筑波大,“光合成しない”光合成細菌のゲノム解読に成功

筑波大学のグループは,ロパロディア科珪藻の細胞内に見られる窒素固定共生体ゲノムの完全解読に成功した(ニュースリリース)。

ロパロディア科の珪藻にはスフェロイドボディ5と呼ばれる特殊な共生体が見られる。スフェロイドボディは光合成を行なうことで知られるバクテリア「シアノバクテリア」を起源とするが,その役割は窒素固定を行ない,宿主である珪藻へ窒素源を供給することであると考えられている。

スフェロイドボディは単独では生存できないことから,珪藻と高度な共生関係を築いていることが示唆されてきた。しかし,その共生関係そのものを対象とした研究はあまり進んでおらず,その詳細はよくわかっていなかった。

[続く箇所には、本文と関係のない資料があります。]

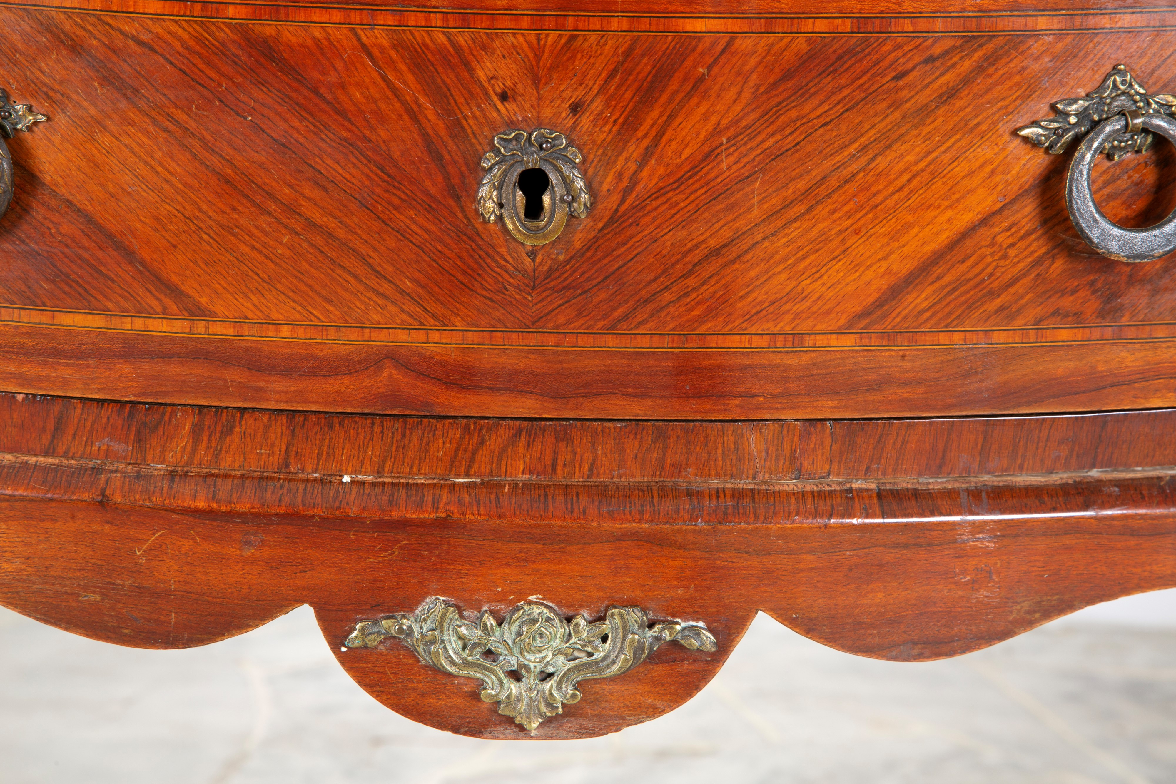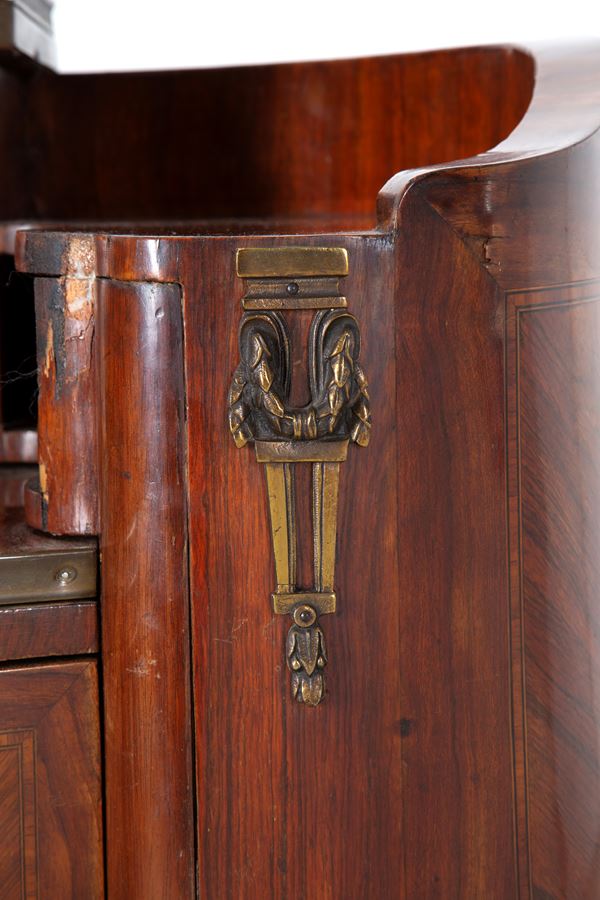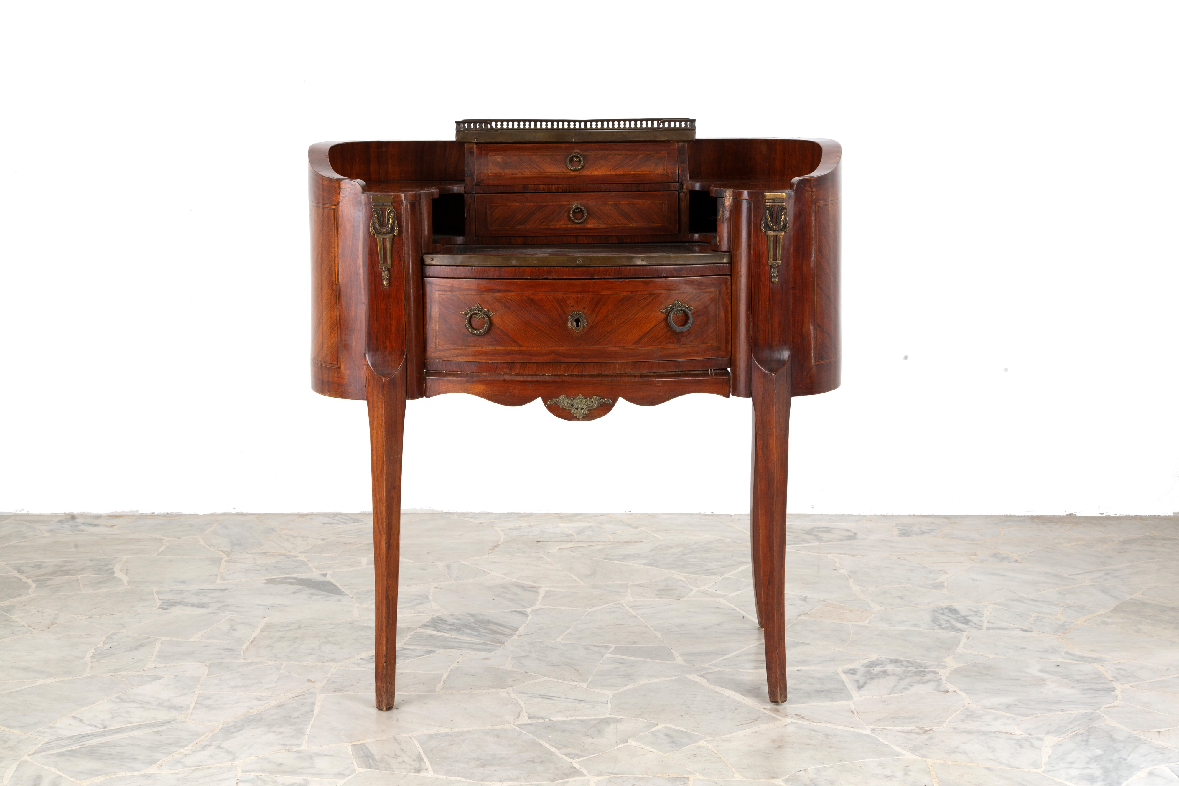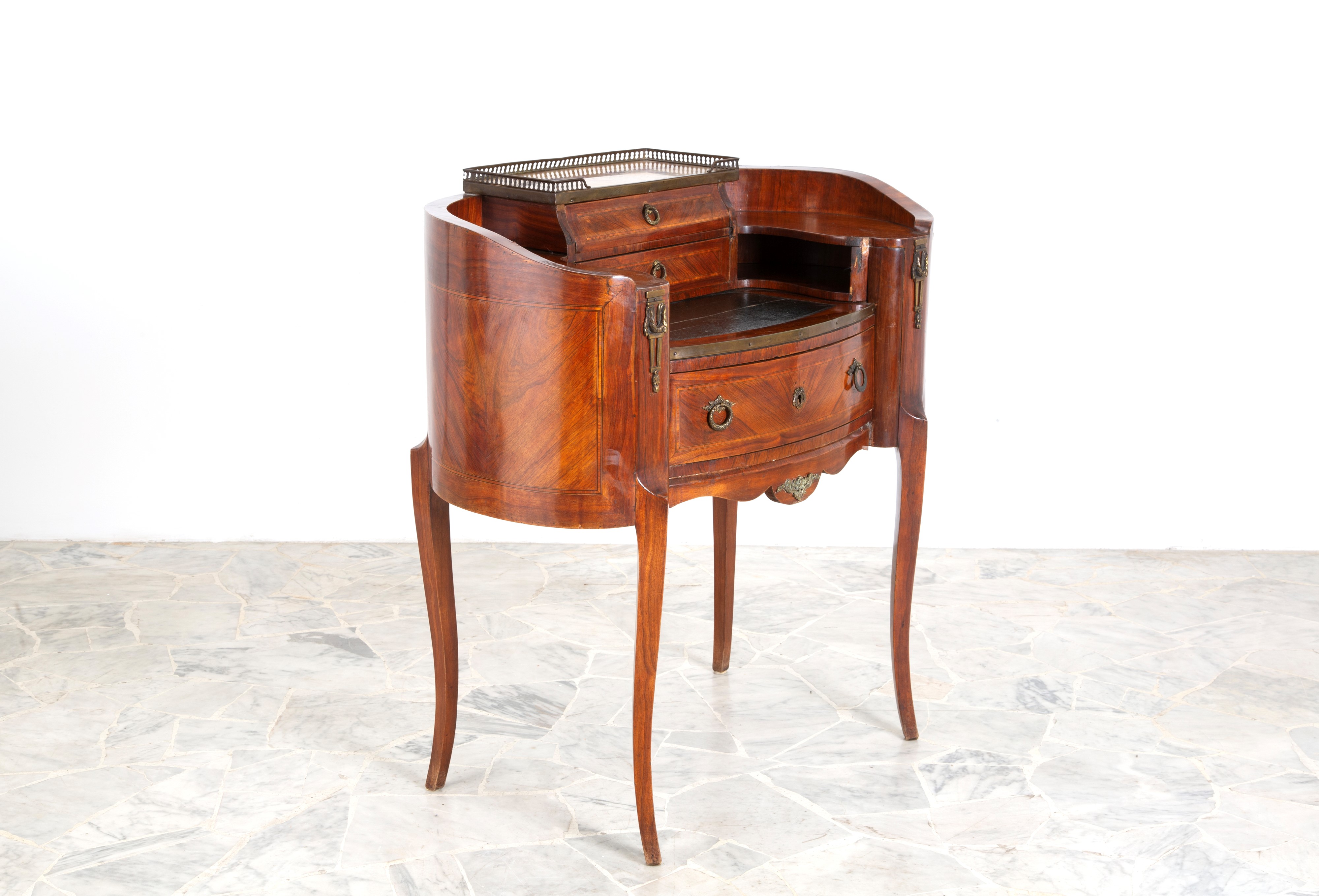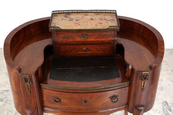 Scrittoio a fagiolo lastronato in legno di noce con piano superiore in marmo e gambe sagomate. XIX secolo. Difetti.
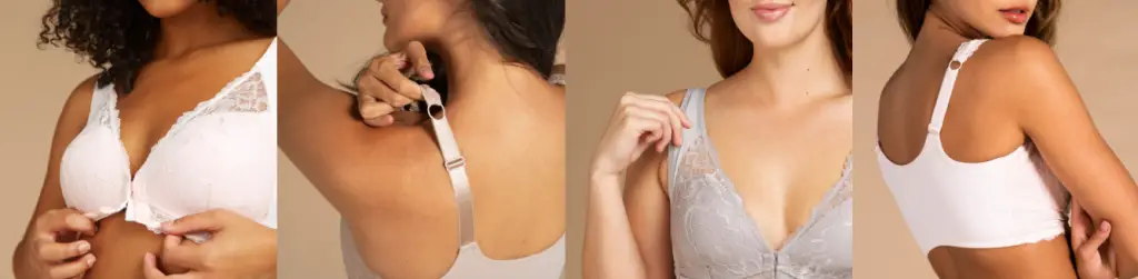 It has a 4 way stretch fabric, for a relaxed fit and instant back and side smoothing, It also has an easy front closure, large hooks and eyes for easy on and off.
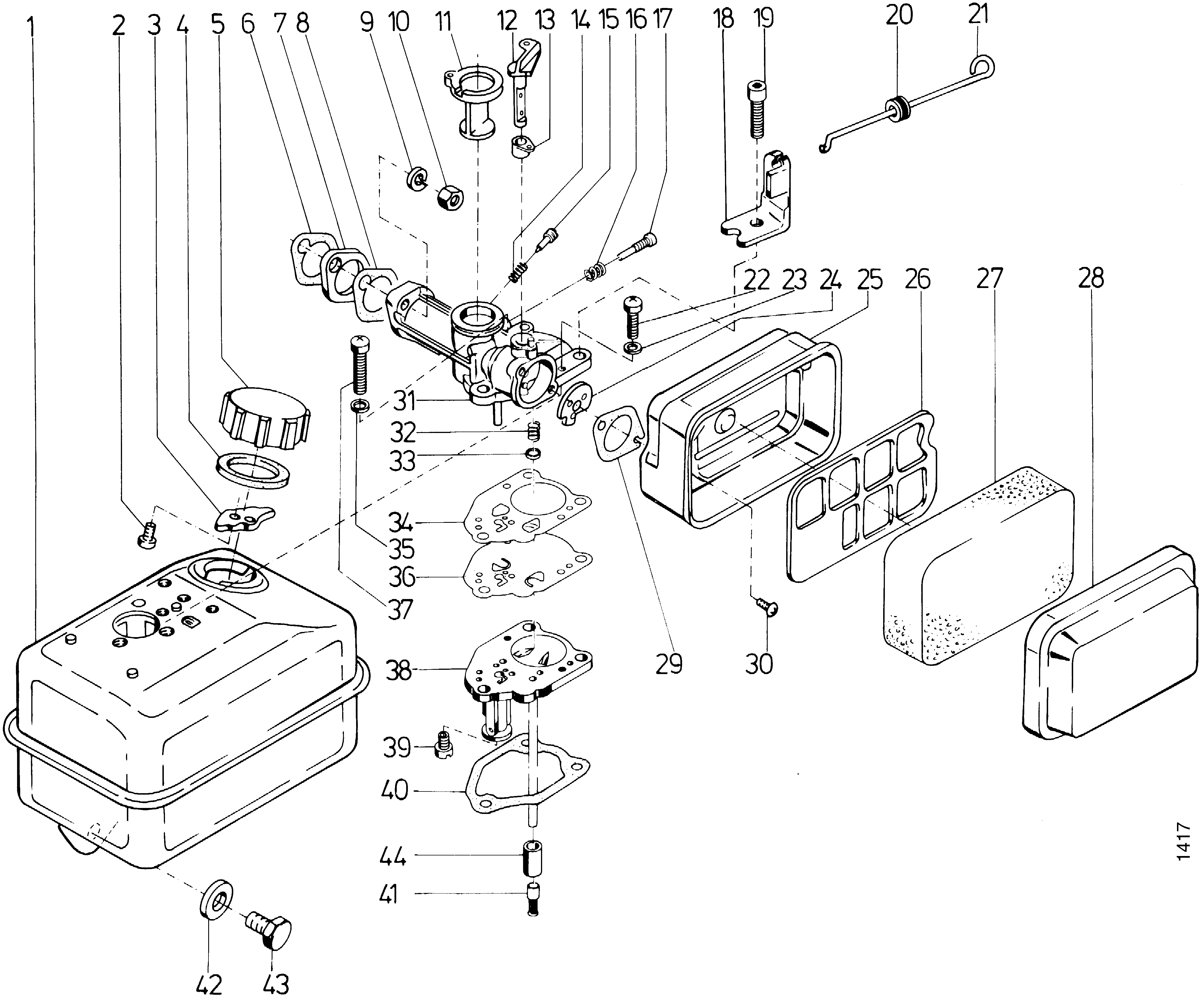 Ersatzteile für Agria # Balkenmäher # agria 5100 # Art-Nr 5100211 | agria 5100 Motormäher # Motor Einzelteile # Kraftstoffbehälter, Vergaser, Luftfilter | Kawasaki FA 130 D BS59

今回の研究では,ロパロディア科珪藻の一種 Epithemia turgida(エピテミア・タルジダ)のスフェロイドボディから取り出したDNAを解析し,その全ゲノム配列を決定した。スフェロイドボディゲノムに存在する遺伝子を詳しく解析した結果,スフェロイドボディが独立して生育するために必要な遺伝子はその多くが失われていることが明らかとなり,宿主珪藻に依存した生き方に特化していることがわかった。

失われた遺伝子の中には,光合成に関連する遺伝子も含まれていた。つまり,スフェロイドボディはシアノバクテリアに由来するにも関わらず,光合成能力まで失っていることが明らかとなった。これらの特徴は,スフェロイドボディが珪藻細胞の一部として統合されつつあることを示すもの。

今後,さらに研究が進めば,同じようにバクテリアが共生したことを由来とする,ミトコンドリアや葉緑体といった真核生物の重要なオルガネラの進化に関する手がかりを得られることが期待できるとしている。